Mehmet Yalçın

28 Ocak 2018

Bordo'da Türk şatosu!

Şarabın kalbi Bordo’da, bir Türk yatırımı…

İtalyan şarapçılığının kralı Piero Antinori ile buluşmamız çok rahat olmuştu. Floransa’nın butik otellerinden birinde kalıyorduk ve lobiden ofisine telefon ettik. Asistanı kolayca yönlendirdi:

“Otelden çıkın ve önünüzdeki Corso Antinori’den sola dönün. 200 metre sonra Piazza Antinori’ye varacaksınız. Karşınıza Palazzo Antinori çıkacak. Girişindeki Cantina Antinori’yi geçin, sizi sinyor Antinori’nin ofisinin önünde karşılayacağım…”

Antinori Caddesi’ni geçip vardığımız Antinori meydanındaki Antinori sarayında Antinori lokantasının yanında ziyaret ettiğimiz Marki unvanlı sinyor Antinori, neredeyse şehrin hakimi olmasına rağmen alçakgönüllü bir insandı. İki saat uzun uzun sohbet ettik, şarap dünyasının altından girip üstünden çıktık. Bir ara “Kaliforniya’da bile bağlar aldınız, Kaliforniya şarabı dahi yapıyorsunuz. O projeniz nasıl gidiyor?” diye soracak oldum. Şarabın asilzadesi, gülümsedi ve açık sözlü bir cevap verdi:

“Fena gitmiyor ama çok büyük beklentilerimiz de yok. Doğrusunu söylemek gerekirse şarap üreticilerinin başka ülkelerde yatırım yapması ticarî olmaktan çok, oralardaki bağcılık ve şarapçılık tekniklerini, kendilerine özgü uygulamalarını öğrenmek içindir. Bir de tabii oradaki üretiminiz sayesinde o pazara yakın olur, oranın pazarı için bir atlama taşı edinirsiniz…”

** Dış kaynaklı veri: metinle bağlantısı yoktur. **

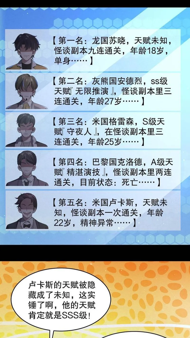 规则怪谈:开局化身逼兜战神又名,类型为直播|悬疑灵异的高人气漫画,漫画简介:【日更】苏晓被拉入规则怪谈闯关,所有人都不看好他,却没想到他直接抽中SSS级天赋,一通骚操作猛如虎!规则不让干什么他偏干什么,就突出一个全身反骨!诡异出现他上来就是两逼兜,打得对方怀疑诡生,甚至还收服...
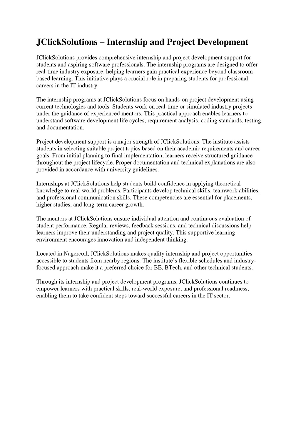 JClickSolutions – Internship and Project Development JClickSolutions provides comprehensive internship and project development support for students and aspiring software professionals. The internship programs are designed to offer real-time industry exposure, helping learners gain practical experience beyond classroom- based learning. This initiative plays a crucial role in preparing students for professional careers in the IT industry. The internship programs at JClickSolutions focus on hands-on project development using current technologies and tools. Students work on real-time or simulated industry projects under the guidance of experienced mentors. This practical approach enables learners to understand software development life cycles, requirement analysis, coding standards, testing, and documentation. Project development support is a major strength of JClickSolutions. The institute assists students in selecting suitable project topics based on their academic requirements and career goals. From initial planning to final implementation, learners receive structured guidance throughout the project lifecycle. Proper documentation and technical explanations are also provided in accordance with university guidelines. Internships at JClickSolutions help students build confidence in applying theoretical knowledge to real-world problems. Participants develop technical skills, teamwork abilities, and professional communication skills. These competencies are essential for placements, higher studies, and long-term career growth. The mentors at JClickSolutions ensure individual attention and continuous evaluation of student performance. Regular reviews, feedback sessions, and technical discussions help learners improve their understanding and project quality. This supportive learning environment encourages innovation and independent thinking. Located in Nagercoil, JClickSolutions makes quality internship and project opportunities accessible to students from nearby regions. The institute’s flexible schedules and industry- focused approach make it a preferred choice for BE, BTech, and other technical students. Through its internship and project development programs, JClickSolutions continues to empower learners with practical skills, real-world exposure, and professional readiness, enabling them to take confident steps toward successful careers in the IT sector.
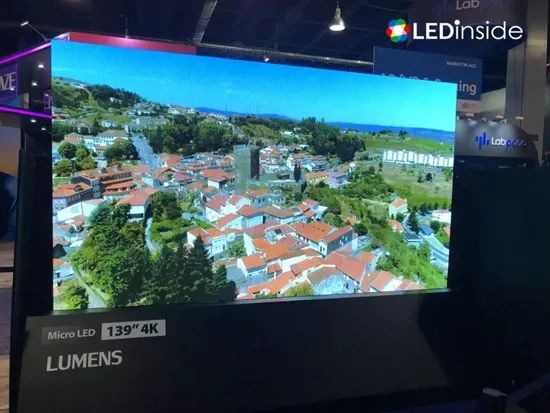 在1月份的CES 2020上,TCL展出了其最新打造的132英寸4K Micro LED显示器。该显示器由2400万颗LED组成,由聚积科技提供48通道驱动IC。同时,TCL旗下子公司TCL VERY Lighting展出一款透明的RGB Micro LED显示器。屏幕尺寸仅48*48mm,LED芯片尺寸仅100*60μm。该款显示器与亿光电子合作,希望未来能导入车载的显示器作为信号指示用途。Lumens推139英寸4K Micro LED显示器同样在CES 2020展上,韩国LED厂Lumens推出139英寸的4K Micro LED显示器,点间距约为P0.8mm,利用该模块制作成车载面板,可以呈现出高对比的显示效果。此外,Lumens还展出过一款0.57英寸的Micro LED显示器,尺寸仅10um,搭配CMOS背板驱动的单色Micro LED显示器,有蓝色和绿色两款。友达与錼创科技进行合作,双方在4月份推出了9.4寸高分辨率柔性Micro LED显示器,具备228 PPI像素密度,除适用于车载显示市场外,也可应用于可穿戴、消费等市场。
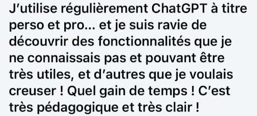En résumé : tu apprends à manier l’outil, à parler son langage, et à obtenir enfin des réponses qui te ressemblent. Parfait si tu veux te familiariser avec l’intelligence artificielle ou gagner du temps dans ton quotidien et ton business.

İstanbul iş dünyasının en sevdiği restoranlardan Papermoon’daki öğle yemeğinde Kavaklıdere Şarapları’nın murahhas azası Ali Başman’ı dinlerken, 20 yıl önceki bu sohbet aklıma geldi. Başman da benzer şeyler söylüyordu:

“Türkiye’de binlerce dönüm bağı olan bir üretici için Fransa’daki 80 dönüm bağ çok sembolik. Ama bu biçim için uluslararası şarap ortamına açılmanın bir adımı…”

Şarabın kalbi Bordo’da, bir Türk yatırımı…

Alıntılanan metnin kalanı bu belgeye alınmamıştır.